In this study, we conducted a comprehensive and detailed assessment of UBE2T expression in ovarian cancer based on online database and to explore its association with clinicopathologic characteristics, survival, function, immune infiltrates and expression difference. Knowing whether a more highly-expression biomarkers in tumor consists of a right away link to ovarian cancer help us understand the mechanistic clarification for observed clinical survival patterns. In our outcomes, UBE2T significantly expression between normal and tumor samples indicated that UBE2T may plays an important role in regulate cancer progression.
UBE2T as for a member of E2 the family in the ubiquitin-proteasome pathway, a complex protein degradation system that participated in extensive biological processes, including signal transduction, tumorigenesis, cell proliferation, differentiation and cell cycle control. Numerous studies identified that its overexpression results in a variety of tumorigenesis such as osteosarcoma, diffuse large B-cell lymphoma and malignant pleural mesothelioma22 − 24. Until now, the expression of UBE2T and its potential prognostic effect on OC has not yet been investigated. Our outcomes showed that OC with UBE2T -high had a more terrible prognosis than that with UBE2T -low (P < 0.05) in OS, PFS and PPS. Moreover, we used UALCAN database to further analysis of multiple clinic pathological features of OC samples and all indicated high transcription of UBE2T. In order to recognize signaling pathways that are differentially in OC, we then performed GSEA analysis among low and high UBE2T expression data sets. The results show that cell cycle, DNA replication, RNA degradation, some cancers, spliceosome, Huntington’s disease, oxidative phosphorylation are differentially enriched in UBE2T high expression phenotype. UBE2T may affect cell cycle, DNA replication, RNA degradation then regulates the occurrence and development of cancer cells. Hao et al25 was first to investigate the expression of UBE2T mRNA in normal human tissues and 8 lung cancer cell lines and found UBE2T was significantly upregulated in lung cancer tissue and cell lines, suggesting involvement of UBE2T in the malignant cell phenotype. The ubiquitin-proteasome system exerts a crucial role in extensive biological processes, and UBE2T, its crucial member, may affect tumorigenesis and cell cycle. Studies on the function of UBE2T in cancer will undoubtedly provide new insights regarding the role UBE2T in both cell cycle regulation and tumorigenesis.

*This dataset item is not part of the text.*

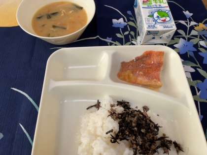 今日の献立は、「ごはん、牛乳、あかうおのみぞれかけ、みそ汁、牛ひじきそぼろ」でした。

In order to decide the biological interaction network of UBE2T in OC, we applied to tab Network in cBioPortal and the 50 most as often altered neighbor genes of CENPM and the most frequent alterations were HES1. Hes family bHLH transcription factor 1 (HES1) belongs to the basic helix-loop-helix family of transcription factors. A recent study found that Hes1 expression oscillates and drives cyclic expression of the proneural gene Ascl1, which activates cell proliferation in active neural stem cells26. Study also found that indicating that the Notch1/Hes1/MMPs pathway ST6Gal-can mediate the invasiveness and tumorigenicity of non-small cell lung cancer (NSCLC) cells in vitro and in vivo27. Huang et al28 demonstrated that HES1 is a specific downstream gene of NOTCH1 and that it contributes to salivary adenoid cystic carcinoma proliferation, apoptosis and metastasis. In addition, Islam et al reported29 that cisplatin/eugenol sequential combination could be of great therapeutic value for ovarian cancer patients through targeting the Notch-Hes1 pathway and the consequent elimination of the resistant cancer stem cells. So, our study may provide information for HES1 on replication forks study in OC patients.
Until now, there was no related study try to explore the connection of immune infiltrates and UBE2T, we first study the immune infiltrates and miRNAs in correlation with UBE2T in OC. Correlation between UBE2T in OC expression and abundance of immune infiltrates was statistically significant and the cumulative survive showed that dendritic cell of immune infiltrates statistically significant (P < 0.05) of UBE2T in OC indicating that dendritic cell significantly affecting the prognosis, it is worth further research and exploration. We finally study the miRNAs that correlation with UBE2T in OC. The top 3 among 1169 miRNAs family was hsa-miR-5580-3p, hsa-miR-3652 and hsa-miR-4430 that related to gene UBE2T in OC. Study reported miR-3652 association with oral squamous cell carcinoma prognosis and miR-4430 related to breast cancer cells prognosis30,31. In order to explore the function of the identified 1169 miRNAs, biological enrichment was performed through Funrich database. Biological pathway enriched in glypican pathway, proteoglycan syndecan-mediated signaling events, VEGF and VEGFR signaling network, TRAIL signaling pathway, sphingosine 1-phosphate (S1P) pathway and ErbB signaling pathway. Thus, UBE2T may help us understand the protein disease pathogenesis and progression in future study. Our study found that the expression of UBE2T was significantly increased in OC patients and associated with several clinical features. UBE2T may be a potentially useful prognostic molecular biomarker of bad survival in OC, while further experimental ought to be performed to demonstrate the biologic effect of UBE2T.